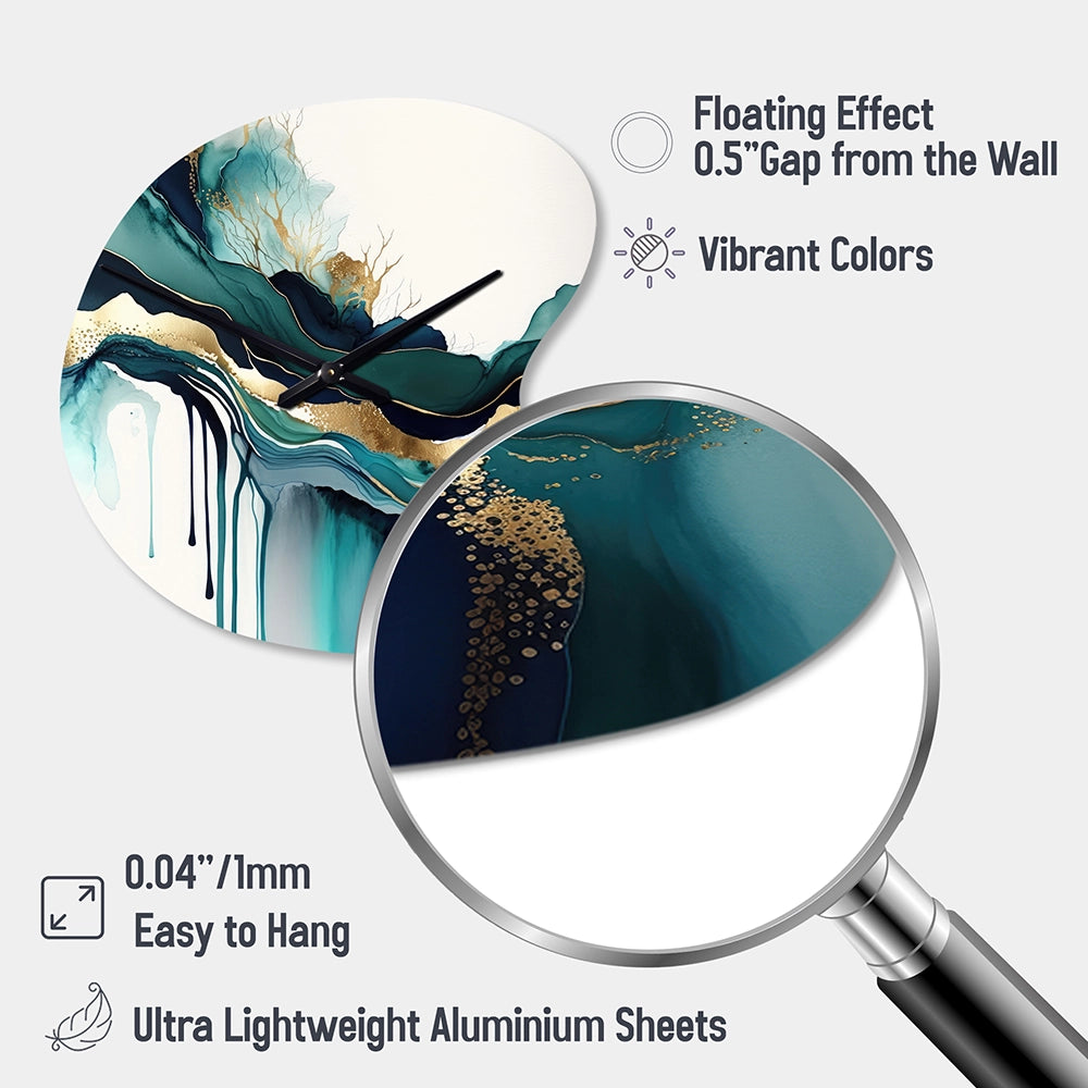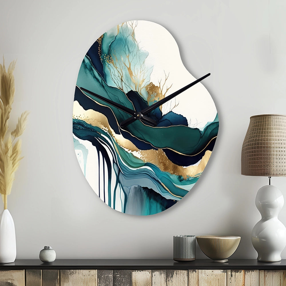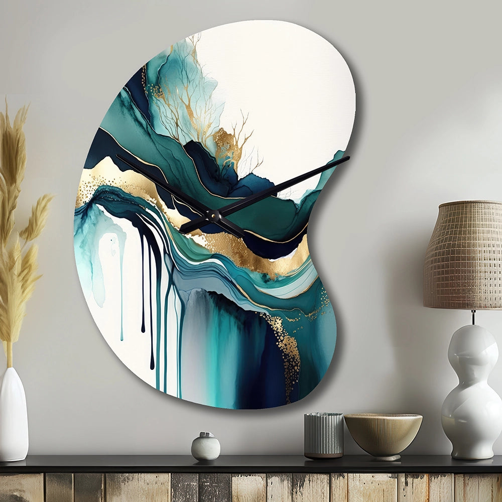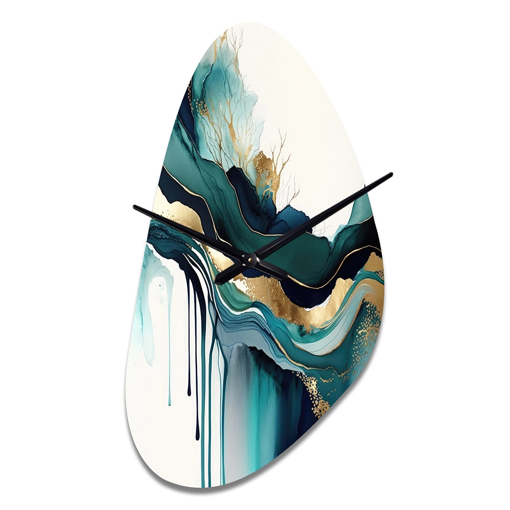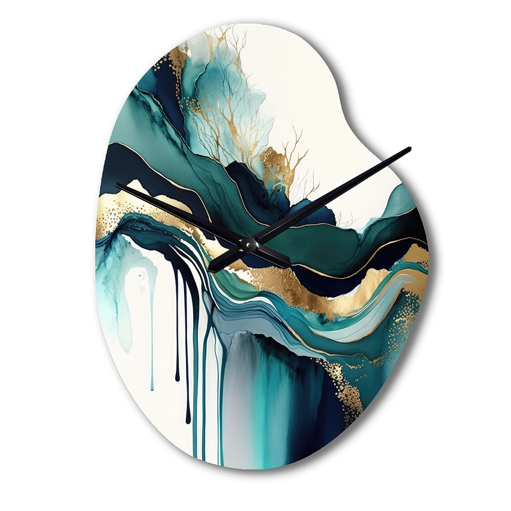 Teal And Gold Abstract Expression IV - Asymmetric Metal Wall Clock
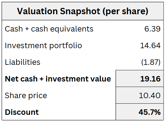 In other words, the market is valuing the company’s portfolio and net cash at only about 54 cents on the dollar. And the profitable operating business comes on top, for free.
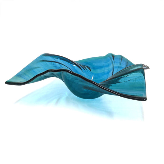 Teal Blue Green Glass Art Wave Bowl
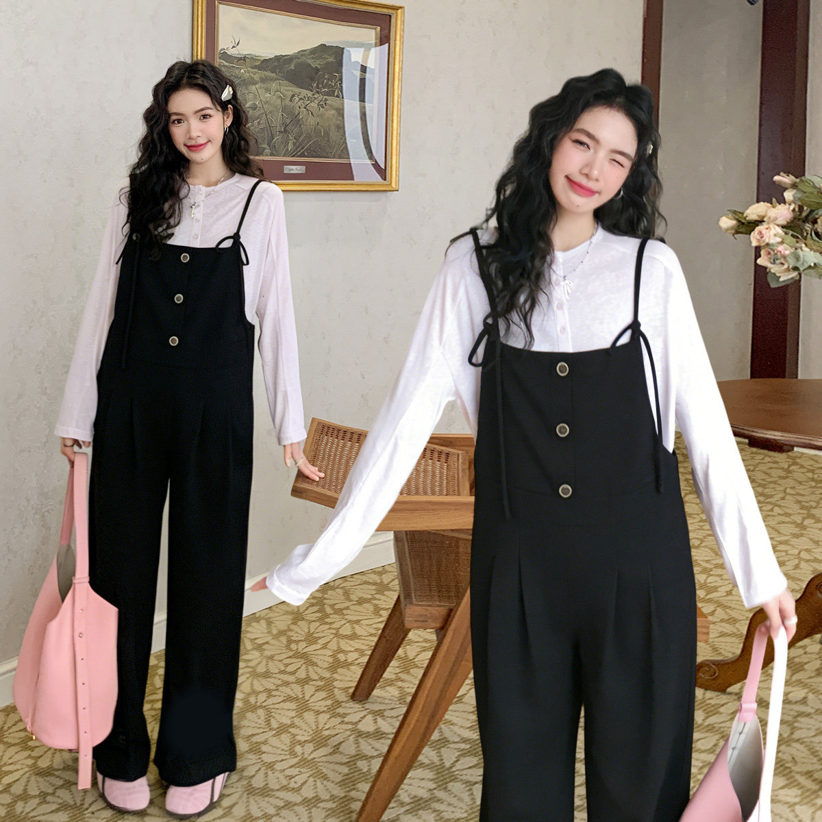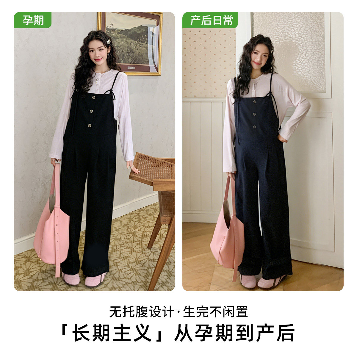 淘LeoMami孕妇裤春秋款可调节肩带背带裤设计感时尚宽松直筒裤减龄
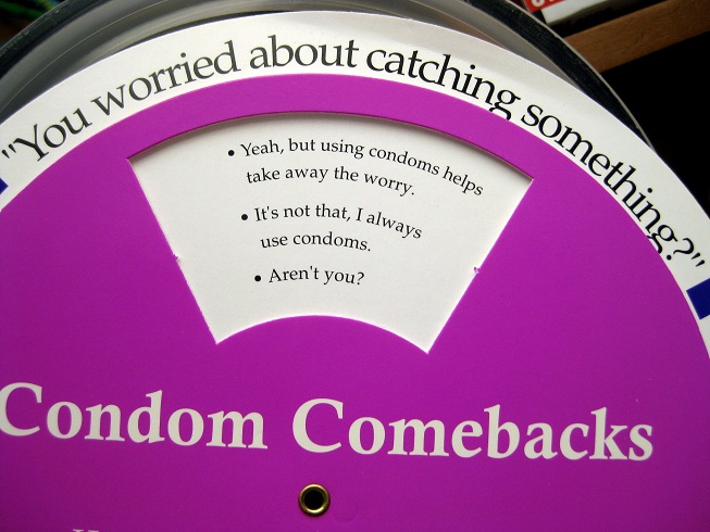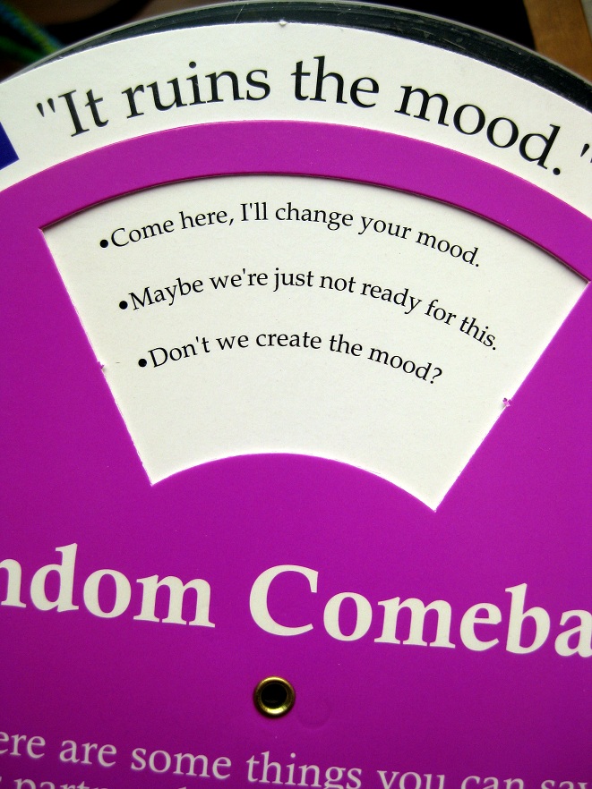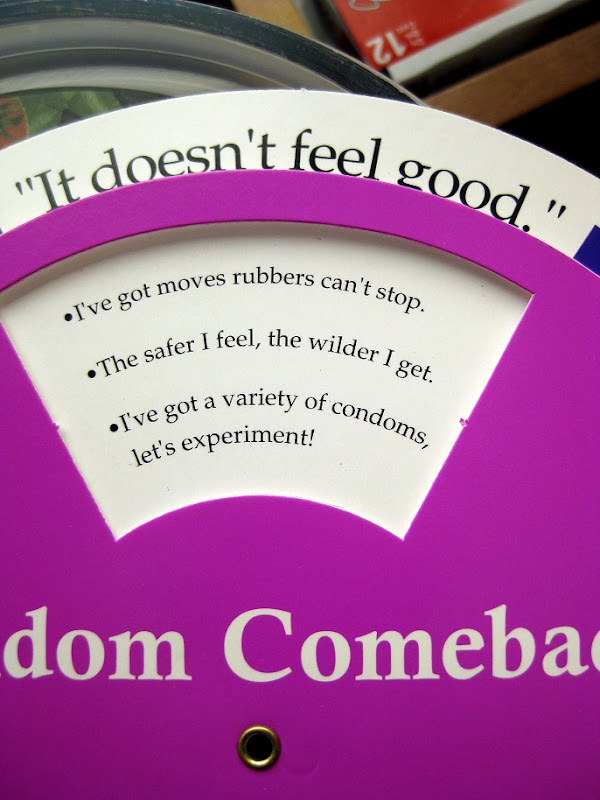 Sorry, I know I'm totally making fun of this, but I do wish that requesting condom use was a non-issue. It's just that these make me giggle like a Catholic schoolkid in 7th grade sex ed.
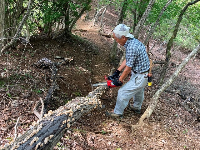 登山道中を塞ぐこうした倒木を撤去しながら先に進みます。定期的なこうした作業は道迷いや怪我等に欠かせない作業となります。本当に頭が下がります。
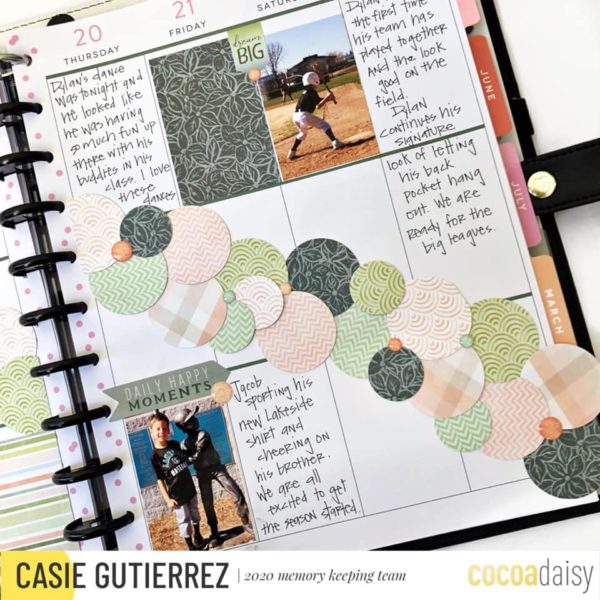 “I started with large circles and filled in the open spaces with smaller circles. I completed the design by adding the enamel dots for texture and sparkle. I like how the circles provide pops of color and allow enough room to document the memories and add photos.”

WHAT THE EXERCISE ASKS:
The material should be returned verbatim, with all images omitted.

EXERCISE RESULT:
 Teal And Gold Abstract Expression IV - Asymmetric Metal Wall Clock
 In other words, the market is valuing the company’s portfolio and net cash at only about 54 cents on the dollar. And the profitable operating business comes on top, for free.
 Teal Blue Green Glass Art Wave Bowl
 淘LeoMami孕妇裤春秋款可调节肩带背带裤设计感时尚宽松直筒裤减龄
 Sorry, I know I'm totally making fun of this, but I do wish that requesting condom use was a non-issue. It's just that these make me giggle like a Catholic schoolkid in 7th grade sex ed.
 登山道中を塞ぐこうした倒木を撤去しながら先に進みます。定期的なこうした作業は道迷いや怪我等に欠かせない作業となります。本当に頭が下がります。
 “I started with large circles and filled in the open spaces with smaller circles. I completed the design by adding the enamel dots for texture and sparkle. I like how the circles provide pops of color and allow enough room to document the memories and add photos.”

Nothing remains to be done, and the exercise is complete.